--- WHAT TO PRODUCE ---
Nothing in the listing should be altered when it is copied, and no picture goes into the copy.

--- DATASET ENTRIES ---
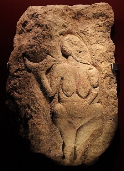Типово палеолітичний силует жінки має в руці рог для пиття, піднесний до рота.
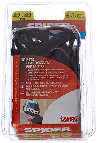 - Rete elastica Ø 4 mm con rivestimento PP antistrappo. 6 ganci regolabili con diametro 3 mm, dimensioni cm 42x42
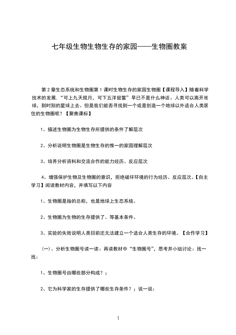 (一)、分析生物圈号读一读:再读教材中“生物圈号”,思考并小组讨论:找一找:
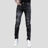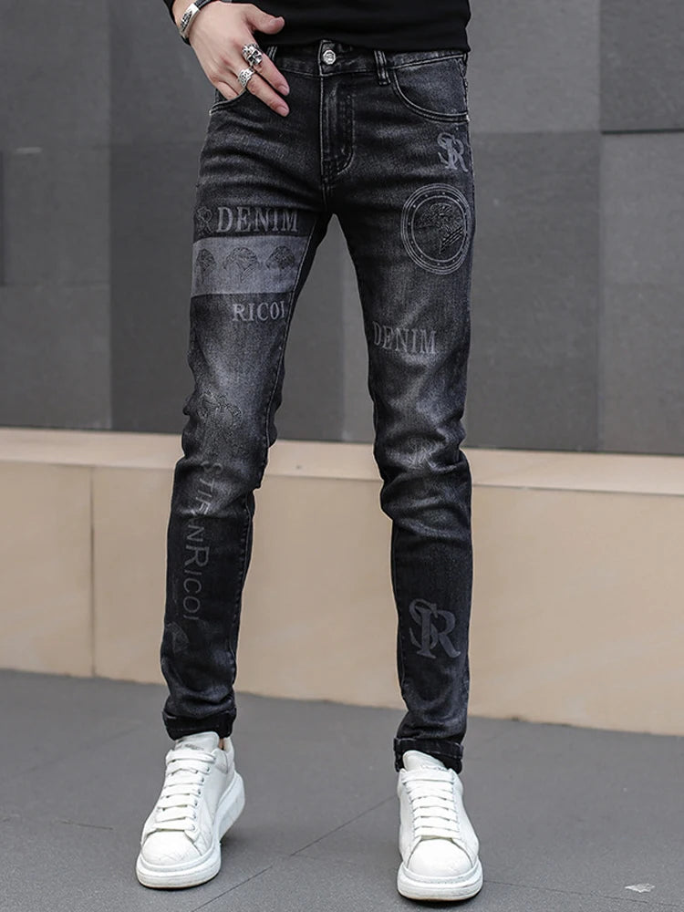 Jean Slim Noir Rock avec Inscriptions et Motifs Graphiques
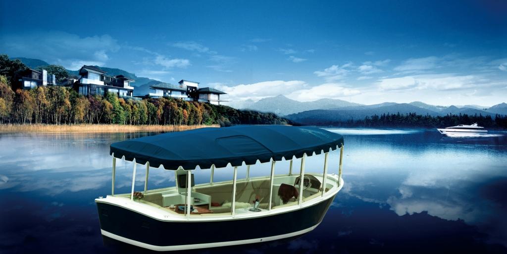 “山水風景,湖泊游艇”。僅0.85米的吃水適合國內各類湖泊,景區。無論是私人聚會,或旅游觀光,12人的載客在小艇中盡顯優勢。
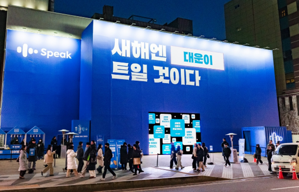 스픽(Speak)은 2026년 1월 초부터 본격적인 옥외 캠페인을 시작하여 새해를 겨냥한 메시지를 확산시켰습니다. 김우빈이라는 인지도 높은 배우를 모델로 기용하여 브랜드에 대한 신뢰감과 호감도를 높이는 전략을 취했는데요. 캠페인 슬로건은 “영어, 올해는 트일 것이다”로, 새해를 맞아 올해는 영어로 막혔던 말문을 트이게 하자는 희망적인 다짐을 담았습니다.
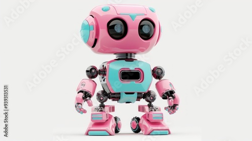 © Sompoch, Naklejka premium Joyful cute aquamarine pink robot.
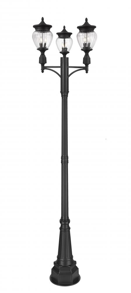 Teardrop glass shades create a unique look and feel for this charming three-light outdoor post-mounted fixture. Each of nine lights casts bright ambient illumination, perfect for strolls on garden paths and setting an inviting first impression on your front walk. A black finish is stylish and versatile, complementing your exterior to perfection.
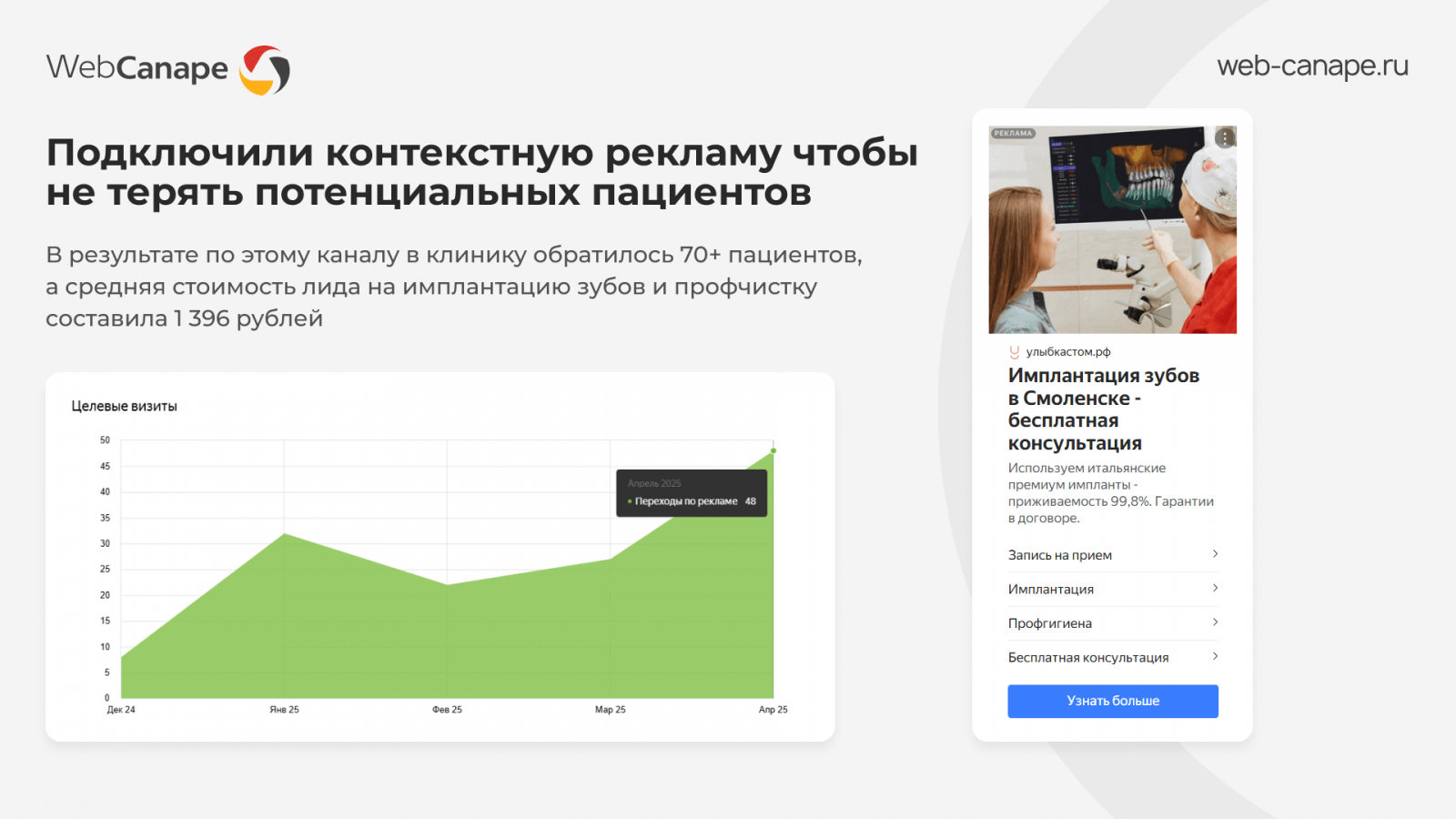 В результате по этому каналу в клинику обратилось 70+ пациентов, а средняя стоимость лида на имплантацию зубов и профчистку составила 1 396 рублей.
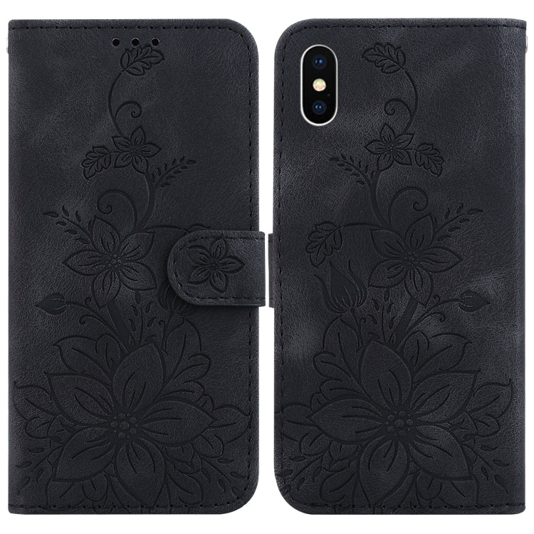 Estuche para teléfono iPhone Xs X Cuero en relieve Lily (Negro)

--- ANSWER BELOW ---
Типово палеолітичний силует жінки має в руці рог для пиття, піднесний до рота.
 - Rete elastica Ø 4 mm con rivestimento PP antistrappo. 6 ganci regolabili con diametro 3 mm, dimensioni cm 42x42
 (一)、分析生物圈号读一读:再读教材中“生物圈号”,思考并小组讨论:找一找:
 Jean Slim Noir Rock avec Inscriptions et Motifs Graphiques
 “山水風景,湖泊游艇”。僅0.85米的吃水適合國內各類湖泊,景區。無論是私人聚會,或旅游觀光,12人的載客在小艇中盡顯優勢。
 스픽(Speak)은 2026년 1월 초부터 본격적인 옥외 캠페인을 시작하여 새해를 겨냥한 메시지를 확산시켰습니다. 김우빈이라는 인지도 높은 배우를 모델로 기용하여 브랜드에 대한 신뢰감과 호감도를 높이는 전략을 취했는데요. 캠페인 슬로건은 “영어, 올해는 트일 것이다”로, 새해를 맞아 올해는 영어로 막혔던 말문을 트이게 하자는 희망적인 다짐을 담았습니다.
 © Sompoch, Naklejka premium Joyful cute aquamarine pink robot.
 Teardrop glass shades create a unique look and feel for this charming three-light outdoor post-mounted fixture. Each of nine lights casts bright ambient illumination, perfect for strolls on garden paths and setting an inviting first impression on your front walk. A black finish is stylish and versatile, complementing your exterior to perfection.
 В результате по этому каналу в клинику обратилось 70+ пациентов, а средняя стоимость лида на имплантацию зубов и профчистку составила 1 396 рублей.
 Estuche para teléfono iPhone Xs X Cuero en relieve Lily (Negro)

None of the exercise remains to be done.